Without the pictures, print the lines from the one holding "Skall inkommit ifrån" through the last line below, both included, exactly as they stand.

• _THE DATA_
· · · · · · ·

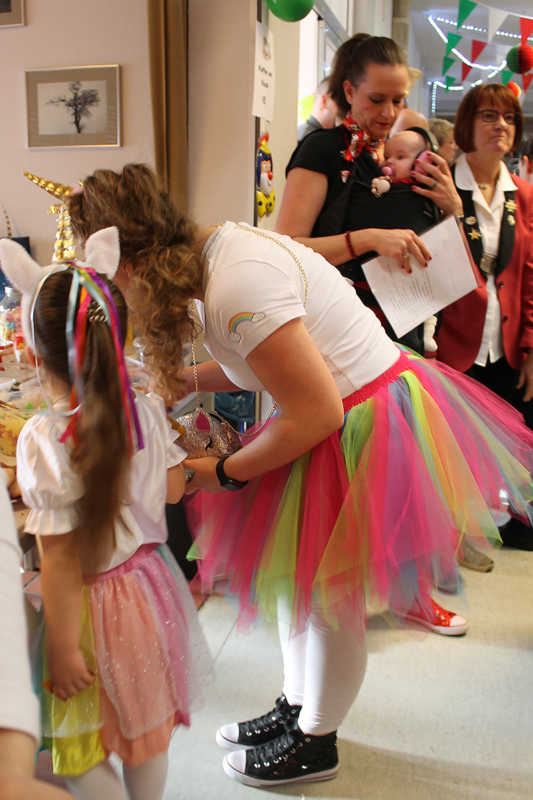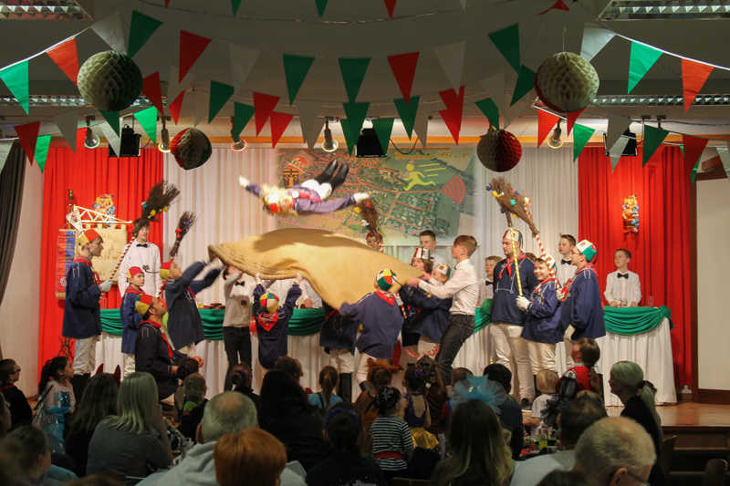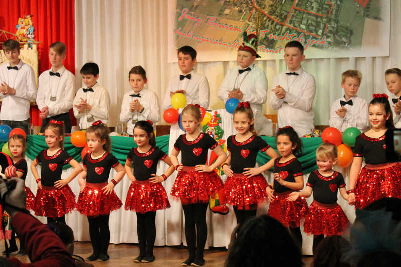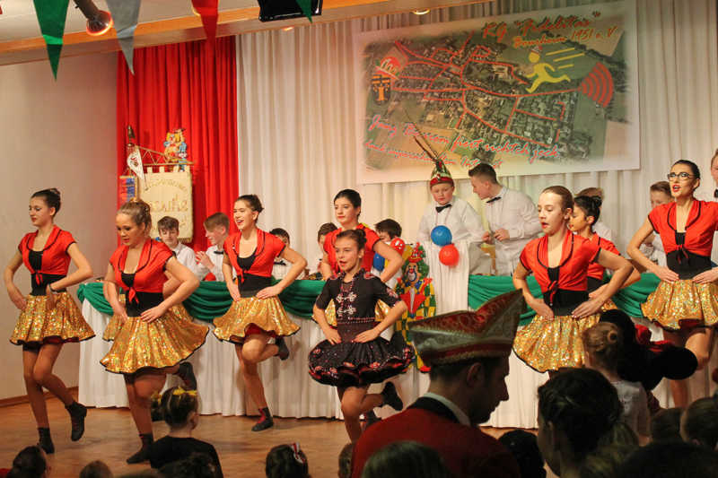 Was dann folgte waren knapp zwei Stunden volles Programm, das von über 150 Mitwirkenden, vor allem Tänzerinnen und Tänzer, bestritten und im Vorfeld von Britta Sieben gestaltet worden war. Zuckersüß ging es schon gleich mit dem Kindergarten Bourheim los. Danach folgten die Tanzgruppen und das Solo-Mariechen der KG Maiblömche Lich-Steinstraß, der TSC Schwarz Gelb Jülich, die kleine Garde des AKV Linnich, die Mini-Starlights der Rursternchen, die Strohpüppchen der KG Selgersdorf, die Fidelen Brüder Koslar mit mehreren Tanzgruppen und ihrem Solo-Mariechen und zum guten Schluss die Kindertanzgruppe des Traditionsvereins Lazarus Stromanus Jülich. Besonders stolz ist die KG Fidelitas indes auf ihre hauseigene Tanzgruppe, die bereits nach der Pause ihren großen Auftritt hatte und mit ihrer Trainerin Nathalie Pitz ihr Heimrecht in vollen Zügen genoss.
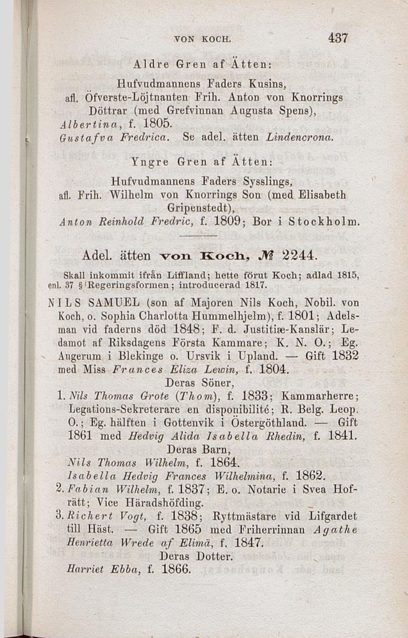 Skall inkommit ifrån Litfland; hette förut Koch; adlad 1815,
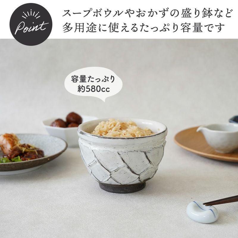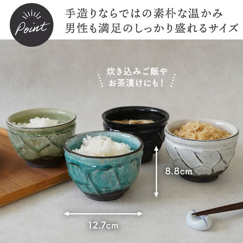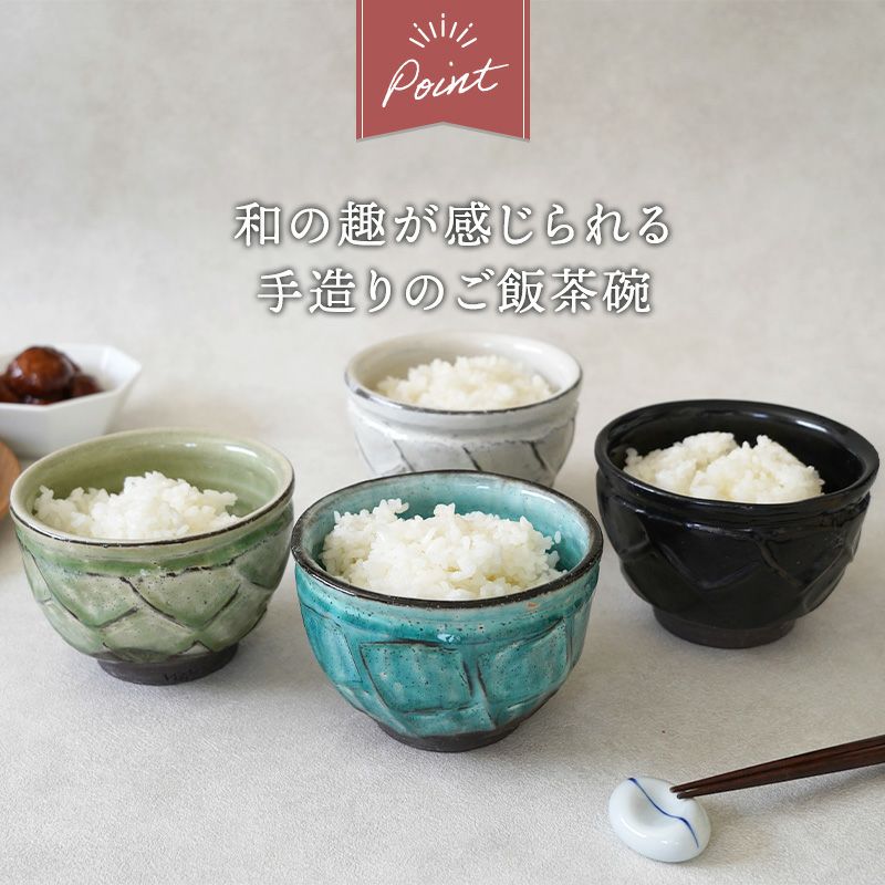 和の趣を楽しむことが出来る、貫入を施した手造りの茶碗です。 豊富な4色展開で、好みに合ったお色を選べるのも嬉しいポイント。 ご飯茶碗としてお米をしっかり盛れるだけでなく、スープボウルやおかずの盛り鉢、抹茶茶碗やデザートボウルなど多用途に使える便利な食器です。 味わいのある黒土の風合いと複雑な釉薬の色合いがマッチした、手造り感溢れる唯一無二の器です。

· · · · · · ·

• _EXERCISE OUTPUT_
 Skall inkommit ifrån Litfland; hette förut Koch; adlad 1815,
 和の趣を楽しむことが出来る、貫入を施した手造りの茶碗です。 豊富な4色展開で、好みに合ったお色を選べるのも嬉しいポイント。 ご飯茶碗としてお米をしっかり盛れるだけでなく、スープボウルやおかずの盛り鉢、抹茶茶碗やデザートボウルなど多用途に使える便利な食器です。 味わいのある黒土の風合いと複雑な釉薬の色合いがマッチした、手造り感溢れる唯一無二の器です。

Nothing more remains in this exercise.